**Directions**
Copy every line of the entries that includes the word "with".

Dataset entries

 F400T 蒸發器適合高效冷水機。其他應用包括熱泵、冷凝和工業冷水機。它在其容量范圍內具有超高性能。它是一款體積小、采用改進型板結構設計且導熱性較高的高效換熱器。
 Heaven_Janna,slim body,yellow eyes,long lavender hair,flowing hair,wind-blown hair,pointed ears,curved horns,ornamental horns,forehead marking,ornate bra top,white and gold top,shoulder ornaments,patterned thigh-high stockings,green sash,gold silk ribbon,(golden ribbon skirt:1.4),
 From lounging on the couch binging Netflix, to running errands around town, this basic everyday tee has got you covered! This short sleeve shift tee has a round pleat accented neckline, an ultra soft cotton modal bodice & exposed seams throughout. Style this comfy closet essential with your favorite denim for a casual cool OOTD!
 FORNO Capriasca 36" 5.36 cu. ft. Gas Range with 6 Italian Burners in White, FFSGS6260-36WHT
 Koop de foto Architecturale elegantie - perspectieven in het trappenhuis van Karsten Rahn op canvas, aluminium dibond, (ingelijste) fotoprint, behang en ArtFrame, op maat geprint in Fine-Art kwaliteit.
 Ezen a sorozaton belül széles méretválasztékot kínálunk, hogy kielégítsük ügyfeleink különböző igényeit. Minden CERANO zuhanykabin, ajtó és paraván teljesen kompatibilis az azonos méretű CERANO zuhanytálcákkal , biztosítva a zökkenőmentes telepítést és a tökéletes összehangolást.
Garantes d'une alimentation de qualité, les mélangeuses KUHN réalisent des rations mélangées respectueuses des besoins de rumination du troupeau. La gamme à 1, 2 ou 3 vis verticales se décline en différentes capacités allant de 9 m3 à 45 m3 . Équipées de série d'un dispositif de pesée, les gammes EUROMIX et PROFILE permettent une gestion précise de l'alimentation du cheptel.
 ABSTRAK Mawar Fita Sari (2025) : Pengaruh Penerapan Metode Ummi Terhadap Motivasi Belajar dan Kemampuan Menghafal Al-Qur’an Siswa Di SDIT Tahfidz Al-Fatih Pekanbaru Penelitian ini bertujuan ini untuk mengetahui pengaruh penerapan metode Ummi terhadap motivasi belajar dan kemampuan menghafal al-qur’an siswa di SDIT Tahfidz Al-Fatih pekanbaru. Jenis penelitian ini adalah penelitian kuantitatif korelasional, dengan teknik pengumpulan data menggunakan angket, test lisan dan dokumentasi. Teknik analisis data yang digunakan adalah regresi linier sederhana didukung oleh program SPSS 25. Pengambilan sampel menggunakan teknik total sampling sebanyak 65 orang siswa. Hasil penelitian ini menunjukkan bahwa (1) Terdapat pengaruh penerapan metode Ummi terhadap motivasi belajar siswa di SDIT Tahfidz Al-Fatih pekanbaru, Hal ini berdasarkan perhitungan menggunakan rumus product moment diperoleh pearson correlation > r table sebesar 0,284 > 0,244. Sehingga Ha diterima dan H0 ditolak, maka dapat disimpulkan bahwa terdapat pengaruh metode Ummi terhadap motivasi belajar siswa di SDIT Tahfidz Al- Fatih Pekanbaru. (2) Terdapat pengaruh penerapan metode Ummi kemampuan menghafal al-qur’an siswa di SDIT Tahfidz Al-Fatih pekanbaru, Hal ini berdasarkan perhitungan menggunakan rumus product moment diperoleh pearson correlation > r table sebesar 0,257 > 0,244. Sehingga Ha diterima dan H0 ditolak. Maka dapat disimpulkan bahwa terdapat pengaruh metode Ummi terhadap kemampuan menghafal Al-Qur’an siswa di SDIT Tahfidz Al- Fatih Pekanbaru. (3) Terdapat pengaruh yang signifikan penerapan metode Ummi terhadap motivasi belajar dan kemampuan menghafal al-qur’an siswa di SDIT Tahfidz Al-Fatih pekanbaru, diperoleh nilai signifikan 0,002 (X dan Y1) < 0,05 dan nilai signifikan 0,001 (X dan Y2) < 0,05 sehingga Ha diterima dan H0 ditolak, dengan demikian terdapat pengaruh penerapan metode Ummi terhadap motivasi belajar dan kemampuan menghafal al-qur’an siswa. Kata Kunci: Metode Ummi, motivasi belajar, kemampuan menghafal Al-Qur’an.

**Solved exercise**
 From lounging on the couch binging Netflix, to running errands around town, this basic everyday tee has got you covered! This short sleeve shift tee has a round pleat accented neckline, an ultra soft cotton modal bodice & exposed seams throughout. Style this comfy closet essential with your favorite denim for a casual cool OOTD!
 FORNO Capriasca 36" 5.36 cu. ft. Gas Range with 6 Italian Burners in White, FFSGS6260-36WHT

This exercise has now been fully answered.